Chassés de la Nouvelle-France après la chute de Québec aux mains des frères Kirke en 1629, les Jésuites y retournent trois ans plus tard après que le traité de Saint-Germain-en-Laye (1632) ait rendu à la France sa colonie et, pour un temps, « l’Église canadienne sera missionnaire »[3], avec à sa tête le père Paul Le Jeune, S.J. de 1632 à 1639. C’est lui qui, en 1634, exprime le besoin d’un hôpital pour soigner les autochtones et les quelques colons qui s’y trouvent.
C’est en pensant surtout aux autochtones que le père Le Jeune demandait la venue à Québec de religieuses hospitalières. « S’il y avait ici un Hôpital il y aurait tous les malades du pays, & tous les vieillards, pour les hommes nous les secourerons, selon nos forces, mais pour les femmes il ne nous est pas bien seant de les recevoir en nos maisons », écrit-il[4]. L’institution souhaitée était en effet moins destinée aux Français qu’aux autochtones, « sujets à de grandes maladies, et qui n’avaient aucun moyen d’adoucir la misère dont ils étaient accablez surtout dans leur extrême vieillesse »[5],[6],[7].

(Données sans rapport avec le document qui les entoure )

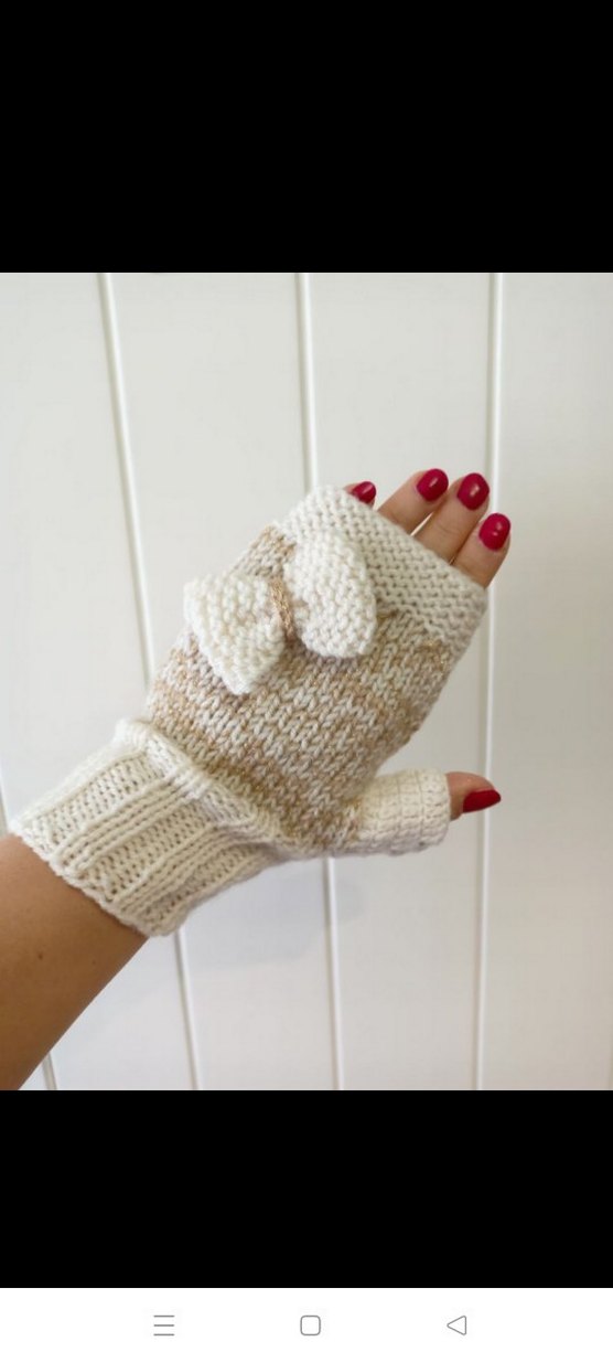 Yumuşak dokulu, beyaz örgü parmaksız eldivenler, dekoratif fiyonk detayıyla rahat ve bohem bir tarz sunar. Serin günler için uygundur.
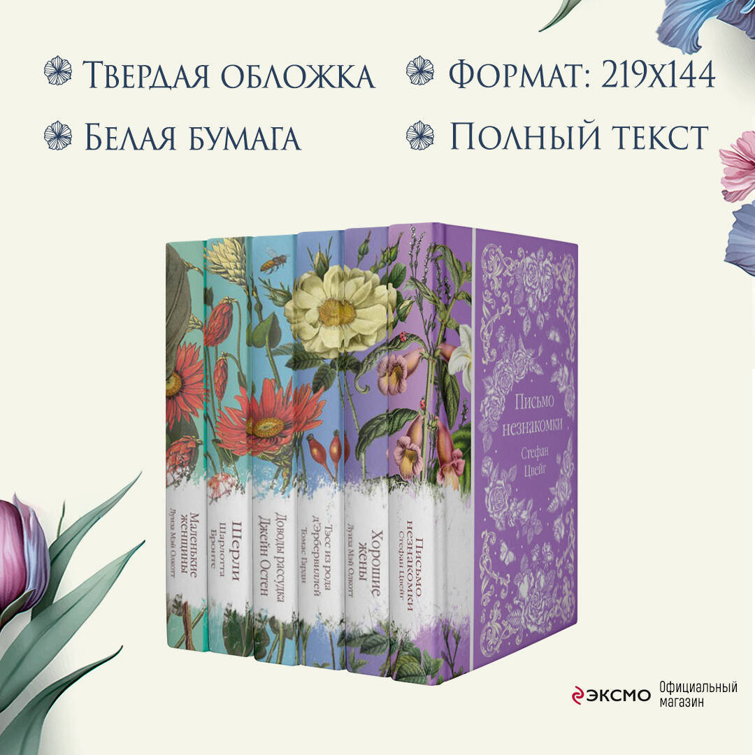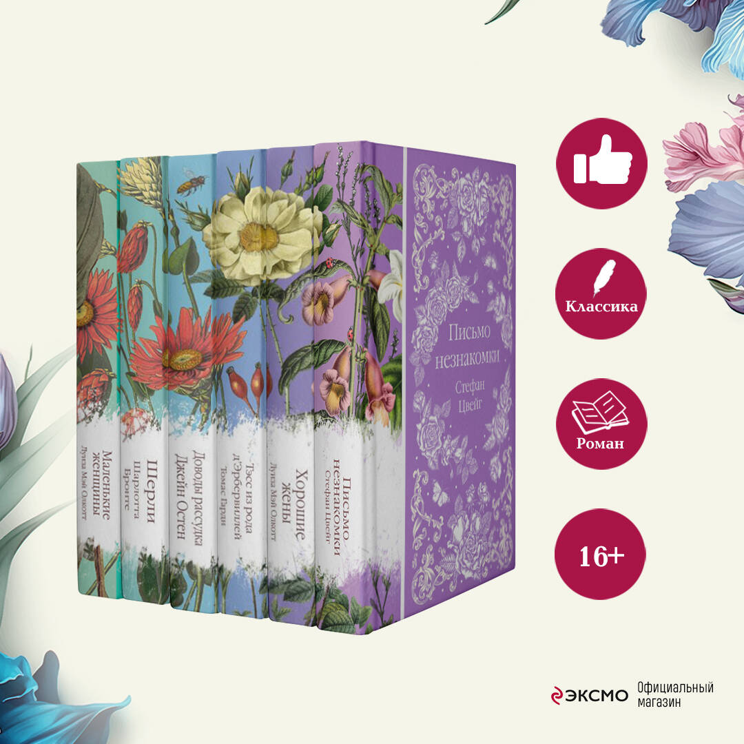 Коллекция элегантной классики - это пронзительная нежность, это сад, который шагнул к вам на книжную полку. Корешки коллекции собирают на полке цветочный орнамент. В комплект вошли «Маленькие женщины», «Шерли», «Доводы рассудка», «Тэсс из рода д'Эрбервиллей», «Хорошие жены» - пять классических женских романов, которые приятно читать и приятно дарить.| Издательство | ООО "Издательство "Эксмо" |
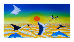 In this surrealist composition, the boundaries between the deep sea and the open sky dissolve. Majestically gliding through a golden
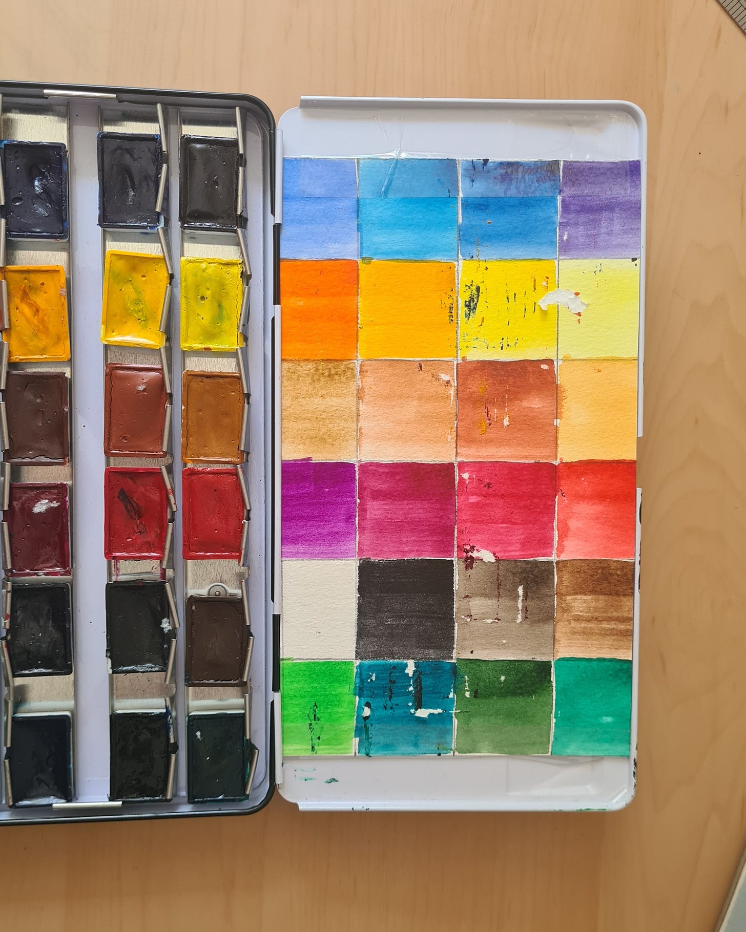 Even learning how to use another software or a new painting medium requires practice before tackling that big job. When I did my first watercolour painting, I did swatches of every pan, so I know what they look like on paper (please don’t look at how mistreated the paint pans are).
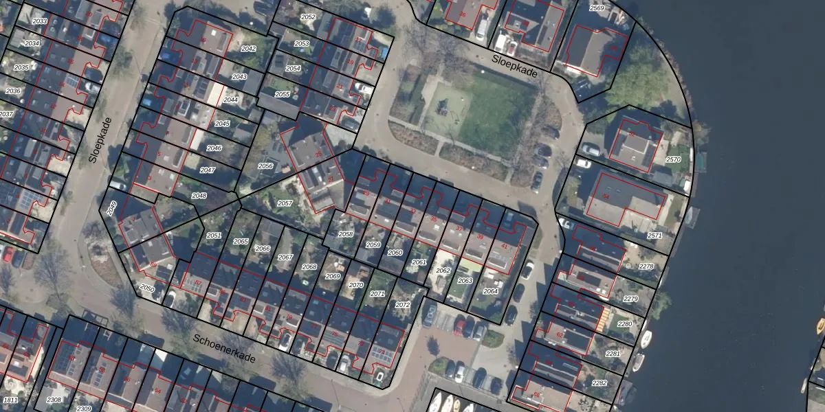 Het perceel waarop Sloepkade 33 staat heeft een oppervlakte van 150 m². Dit is een middelgroot perceel. De perceeloppervlakte wordt geregistreerd door het Kadaster. Gedetailleerde informatie over de maten van dit perceel kunt u vinden in het rapport Kadastrale kaart met maatvoering van Sloepkade 33.
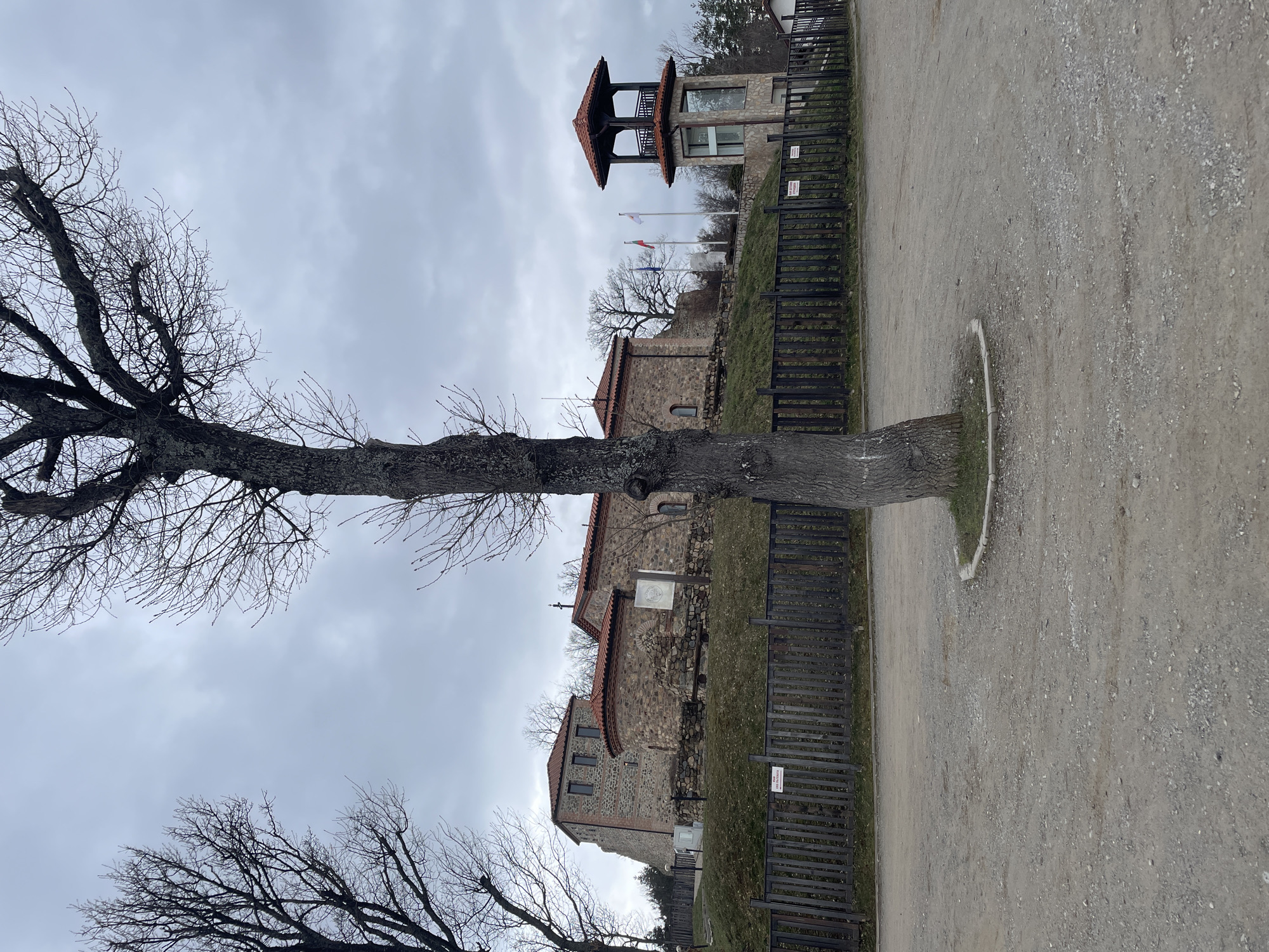 Tsari Mali Grad fortress in Belchin, Bulgaria. The scene depicts a dirt path running alongside a low wooden fence, with a tree standing next to it. Beyond the fence, stone buildings with red-tiled roofs are visible on a slight incline. A tower structure with a red-tiled roof is further up the hill, behind which three flags are flying. The sky is overcast. There are no people present in the image.
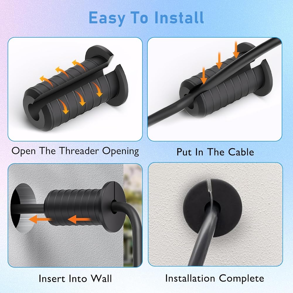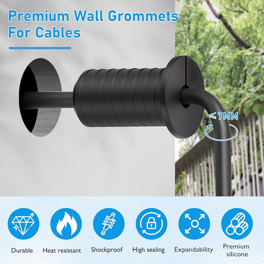 الحجم والكمية: 4 قطع من حلقات الحائط السوداء للكابلات، حلقات الكابلات الخاصة بنا متوافقة مع كابلات Starlink والأسلاك القياسية بقطر أقل من 9/32 بوصة (7 مم)، مناسبة لفتحات الحائط بقطر 3/4 بوصة (19 مم) وارتفاع حلقة الكابل 1-1/2 بوصة (38 مم)
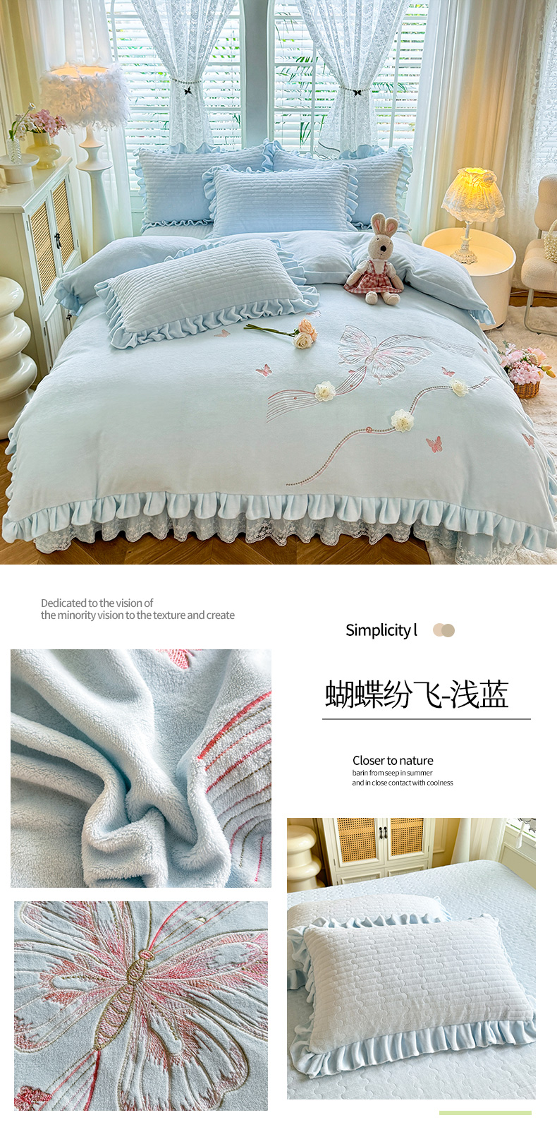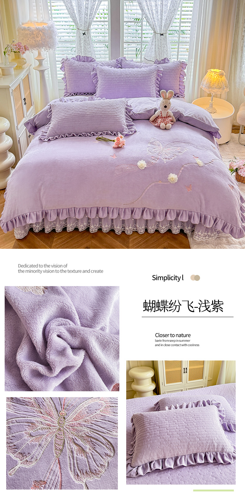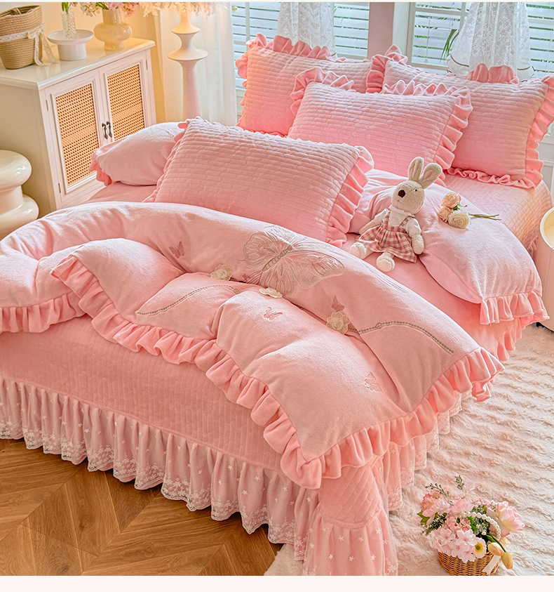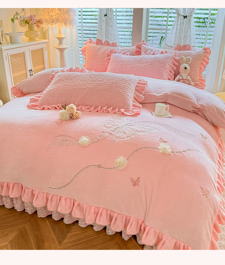 (总)唐人居 2025新款高克重牛奶绒花边夹棉四件套-蝴蝶纷飞,蝴蝶纷飞-浅蓝,蝴蝶纷飞-豆沙,蝴蝶纷飞-浅紫,蝴蝶纷飞-暖橘,蝴蝶纷飞-粉色,蝴蝶纷飞-草绿
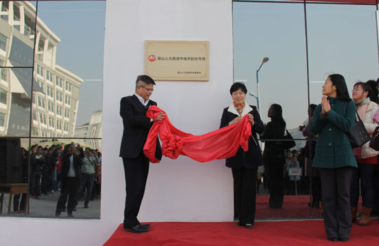 昆山人力资源市场集团公司副总经理柯金林和365官网党委书记张新梅为昆山人力资源市场开封分市场揭牌。
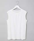 高級感のある光沢感がポイントのタンクトップ。前身頃のタックや、スリットのグログランテープ等のディティールにこだわりました。
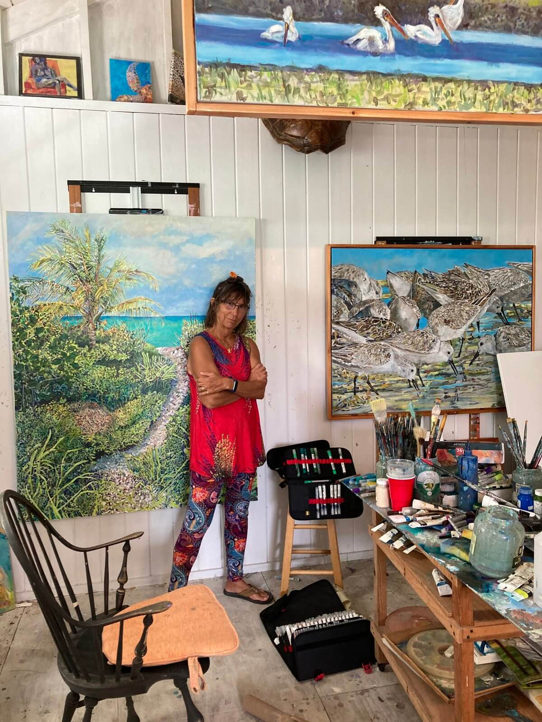 Kim Rody-Kopphas been a professional fine art painter since 2000, when she dropped out of the corporate world to paint full time. She began gaining a following in South Florida and the Bahama Islands by painting large, colorful and dramatic canvases of fish, turtles, palm trees, and all things tropical, and became known over the last decade as the “fishartista”.
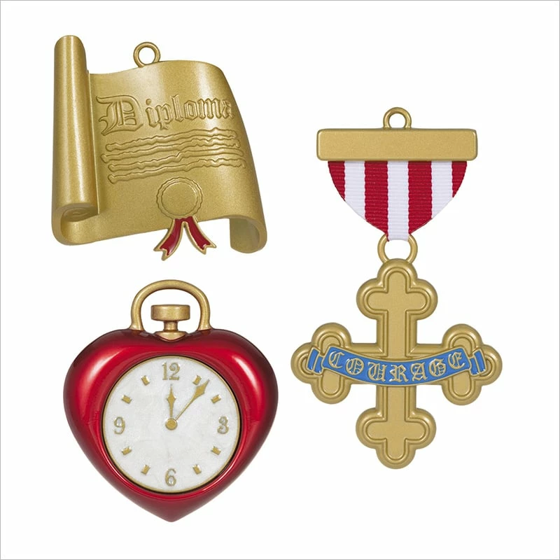 Cowardly Lion, Scarecrow and Tin Man learn they always possessed the courage, brains and heart they thought they lacked as they accompany Dorothy along the Yellow Brick Road. Fans of “The Wizard of Oz” will love to pay tribute to those special qualities with this collection of three premium metal Christmas tree ornaments featuring a diploma, a medal and a heart.
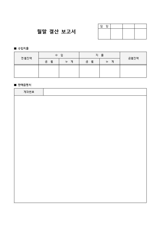 9,000원/월월말결산보고서입니다. 수입지출, 누계, 금월잔액, 잔액증명서 등의 항목으로 구성되어 있습니다.
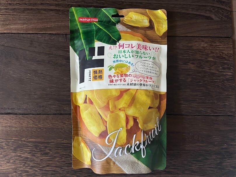 フルーツの名前がそのまま商品名になっているのですが、こちらはフリーズドライのジャックフルーツを植物油で揚げたお菓子。実際フルーツそのままのようなもので、フルーツチップスとして食べられますよ。

« L’élan mystique qui traverse la France dans les premières décennies du XVIIe siècle coïncide avec le mouvement colonisateur », et il n’est pas étonnant que plusieurs religieuses d’ordres et monastères manifestent un vif intérêt pour le projet du jésuite. Toutefois, les conditions matérielles pour l’établissement de religieuses et l’aménagement d’un monastère-hôpital à Québec sont à toutes fins utiles inexistantes. Le père Le Jeune lance alors nouvel appel mais cette fois il s’adresse aux personnes « capables de supporter financièrement l’entreprise ». La réponse est venue de la cour de France[8],[3].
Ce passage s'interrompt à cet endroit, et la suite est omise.